1. Configure app to receive push notifications, including background notifications that can still be received by the app even if the user has disabled visible push notifications when the app is in foreground.
2. If the app is closed when it receives the push notification, it should attempt to store the challenge_sid and factor_sid contained in the push notification's payload, so that it can immediately poll the Verify Push API with that data when it's next opened.
3. Give the user the option to request another push notification if they didn't get the first one. Resend for the same Challenge using the Notifications resource.
4. Nudge the user to enable visible push notifications after they register their device, so that they will see a push notification on the lock screen of their device
5. Have the app send a confirmation to the customer backend when it receives a push notification from Verify Push (Notify). If the customer backend doesn't receive a confirmation from the app after an expected latency from when the challenge was created, then the customer backend should assume that the push notification failed and resend.
6. Customer backend should subscribe to debugger webhooks for the Verify Service. These webhooks contain error codes published by Verify Push, including errors related to push notification failures.

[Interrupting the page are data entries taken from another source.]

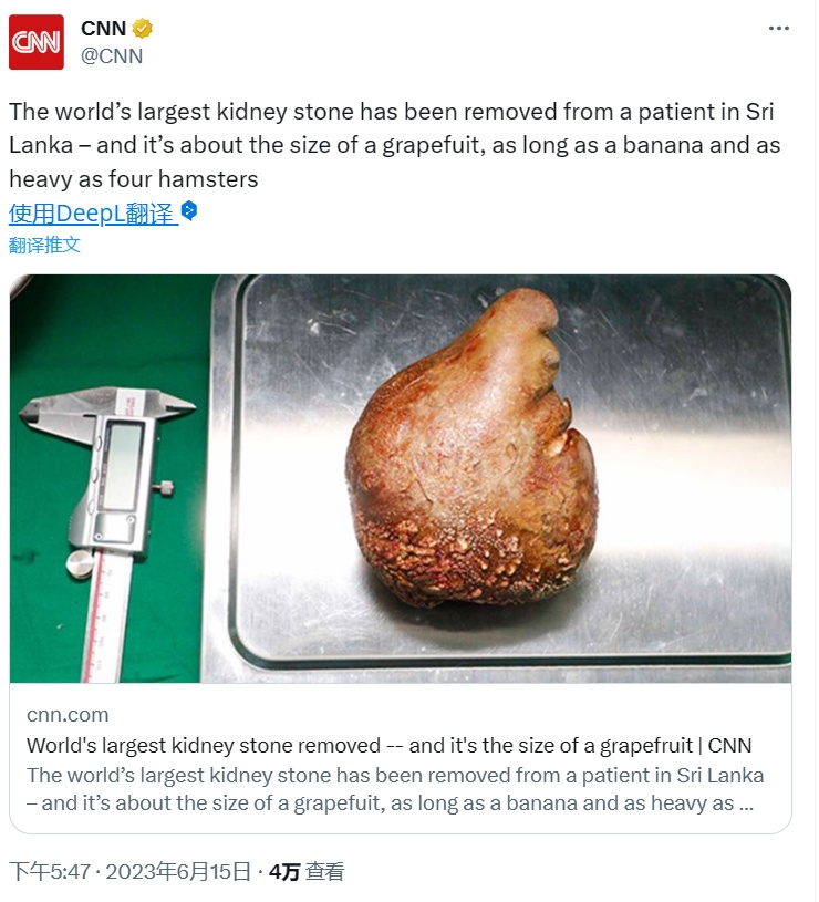 6月15日消息,不爱喝水的朋友注意了,近日,世界最大的肾结石出现了,着实让人震惊了一把。斯里兰卡军医于本月1日在科伦坡陆军医院进行了一次大手术,移除了世界上最大、最重的肾结石,这颗结石已被吉尼斯世界纪录官方认证为“世界上最大的肾结石”。
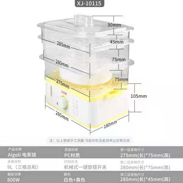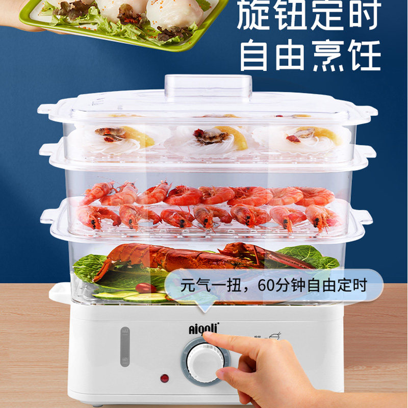 Aigri direct three layers mini-electric steam cage anti-heating rectangular transparent multifunctional household small electric steam pot
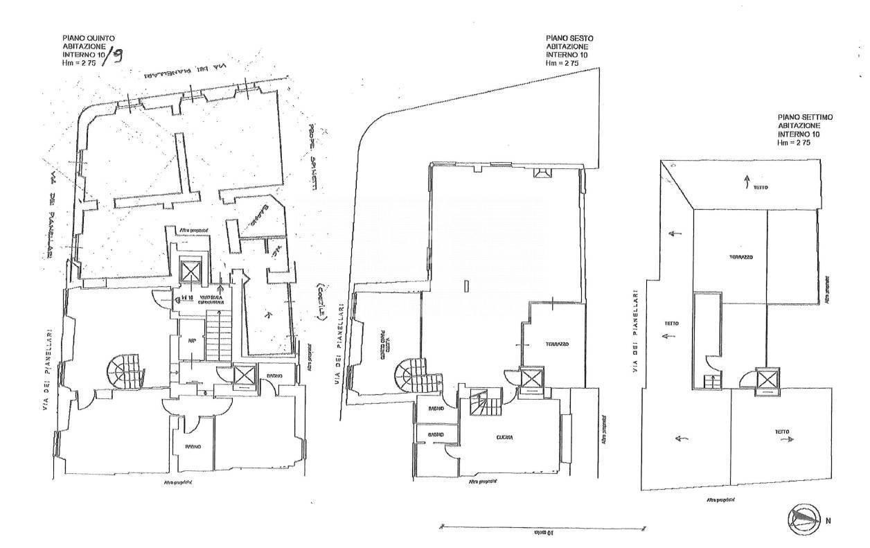 • Sesto piano: salone triplo con cucina abitabile, doppi servizi, ripostiglio e accesso diretto al terrazzo;
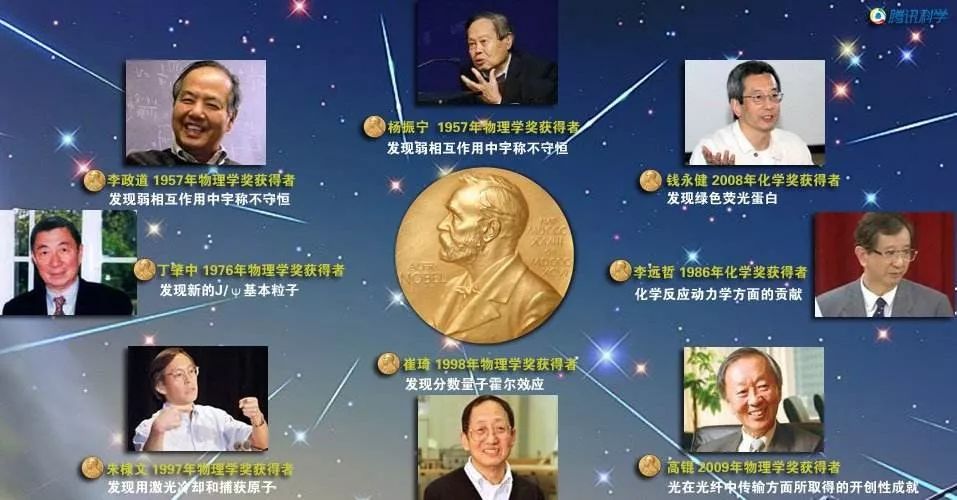 杨振宁、李政道、丁肇中、李远哲、朱棣文、崔琦、钱永健、高琨;

As shown in the screenshots below, TransferWise's implementation illustrates several of the best practices described earlier, such as instructing the user to "approve this login by opening the TransferWise app" and offering the option to "resend push on phone".

Expand image

Expand image

Unlike SMS, which has country-specific constraints due to Carriers being country-specific, Verify Push works whenever there's an internet/data connection and on any device that runs standard iOS, Android, or a supported web browser. The exceptions to this that we are aware of are:

• Android devices built by Huawei that don't support Google Messaging Services, including Firebase Cloud Messaging, won't be able to receive push notifications. However there are workarounds to this as explained in "what are methods to ensure that the device receives the challenge?"
• Country prohibitions defined in Twilio's general export control policy (e.g. Iran)

No, deleting the app from the device completely unregisters the device from Verify Push.

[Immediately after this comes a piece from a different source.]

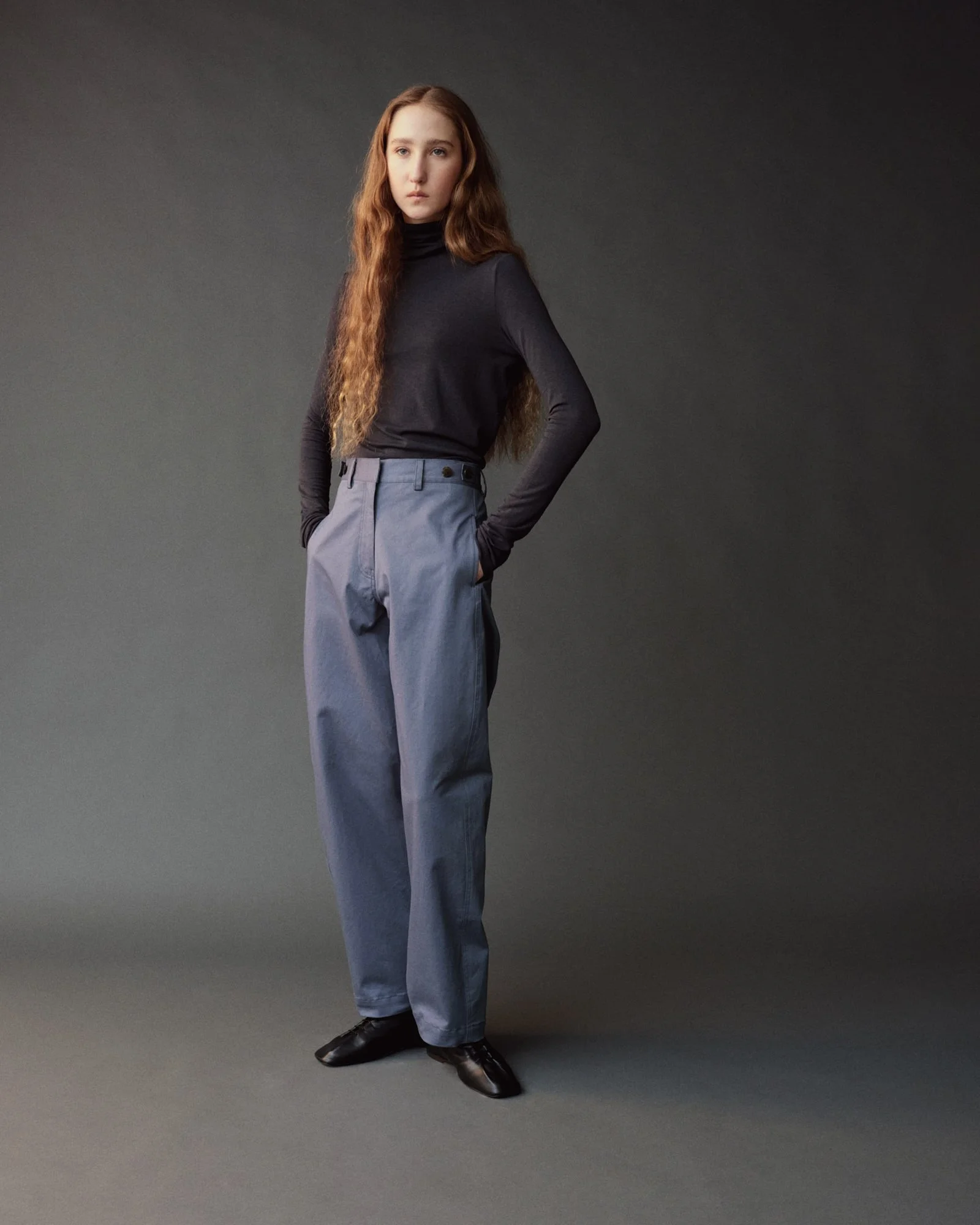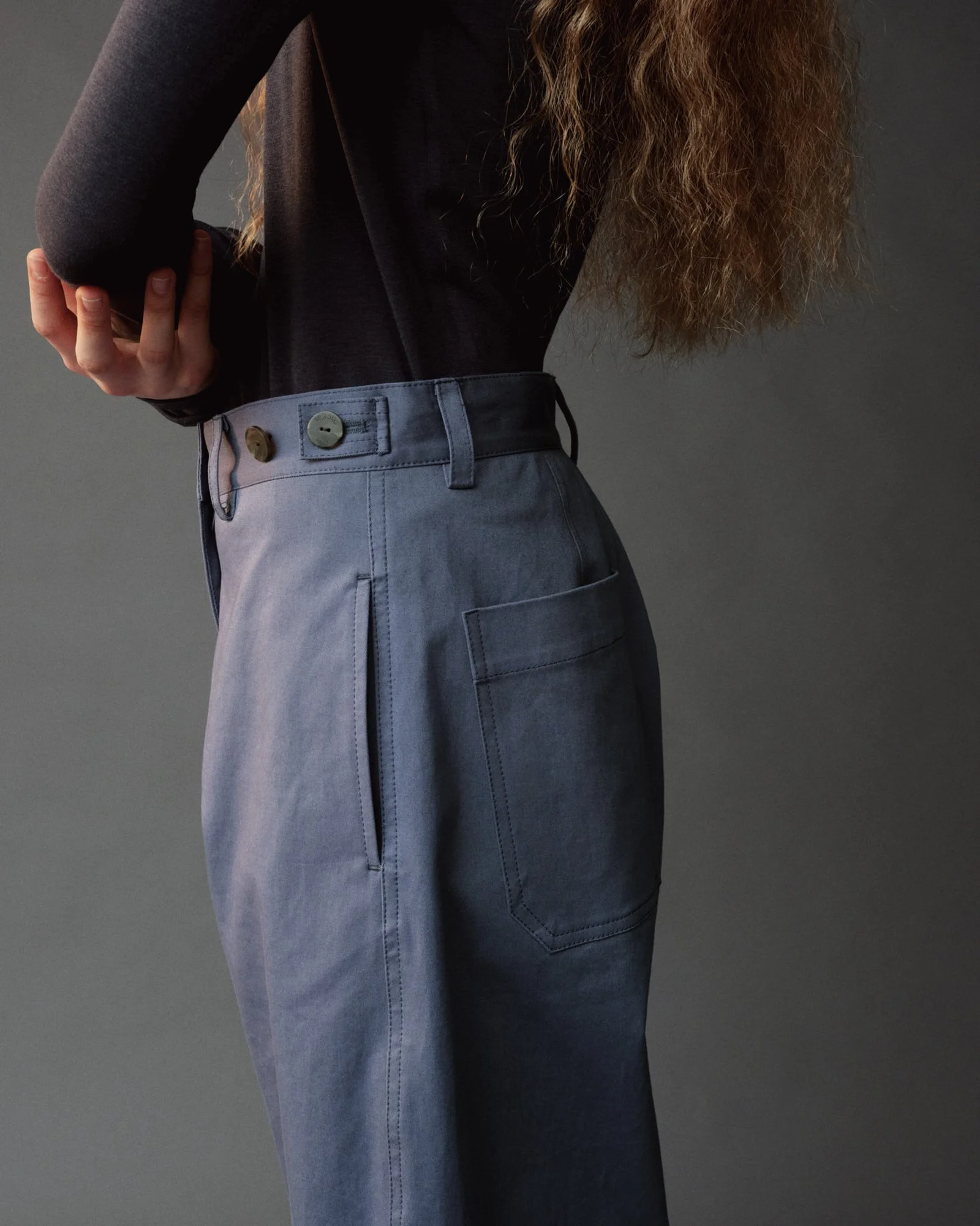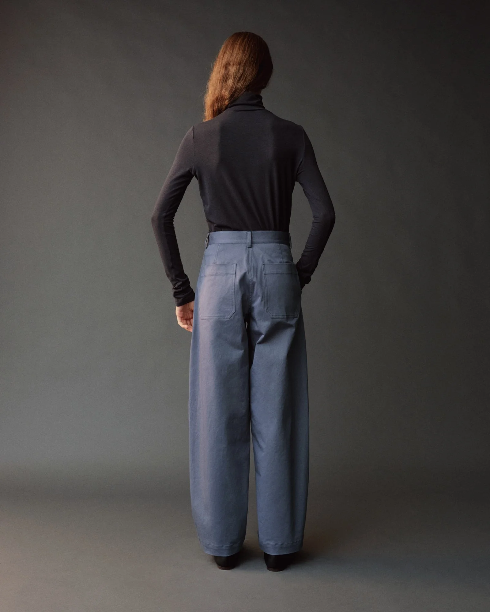 COTTON BARREL-LEG PANTS - DUSTY BLUE

From a technical perspective, a user can register multiple devices as factors. From a security policy perspective, the decision of whether to allow a user to enroll more than one device as a factor is up to you. The benefit of doing so is that it makes it more convenient for the user to respond to a push from multiple devices and it creates redundancy if they were to lose one device. The downside is that it increases the attack surface for a fraudster. Note that querying the SDK on an enrolled device will only return the factor(s) created on the same device, so a fraudster wouldn't be able to discover all of a user's registered device.

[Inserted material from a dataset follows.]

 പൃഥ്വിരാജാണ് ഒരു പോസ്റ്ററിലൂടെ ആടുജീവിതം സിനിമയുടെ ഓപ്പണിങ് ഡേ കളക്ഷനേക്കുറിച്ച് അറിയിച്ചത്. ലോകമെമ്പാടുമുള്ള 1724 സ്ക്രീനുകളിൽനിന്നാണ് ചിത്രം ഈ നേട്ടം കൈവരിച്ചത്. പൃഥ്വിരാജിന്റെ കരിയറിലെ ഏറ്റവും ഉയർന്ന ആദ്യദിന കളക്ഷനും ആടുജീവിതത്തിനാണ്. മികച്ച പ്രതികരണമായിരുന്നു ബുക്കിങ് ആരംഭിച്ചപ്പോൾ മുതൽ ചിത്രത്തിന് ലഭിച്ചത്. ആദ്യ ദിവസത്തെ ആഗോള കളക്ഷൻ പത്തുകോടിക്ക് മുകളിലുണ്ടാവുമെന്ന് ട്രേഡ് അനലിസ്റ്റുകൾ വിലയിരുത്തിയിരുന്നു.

You can configure Verify Push such that the user can receive/approve a push in the app on the registered device, even if they aren't logged into their account on that app. Conversely, you can require that they login first (using a different verification) before approving the push.

When the app is uninstalled, if you send a challenge to a user, your backend will receive an OK about creating the challenge, but your Twilio debugger will receive an error because the push notification couldn't be sent:

• Android & Web client: error code 52103

You can add a webhook for Twilio debugger and you will receive an event when this error happens. The event will be sent only one time after the app was installed. After this, push notifications will not be sent.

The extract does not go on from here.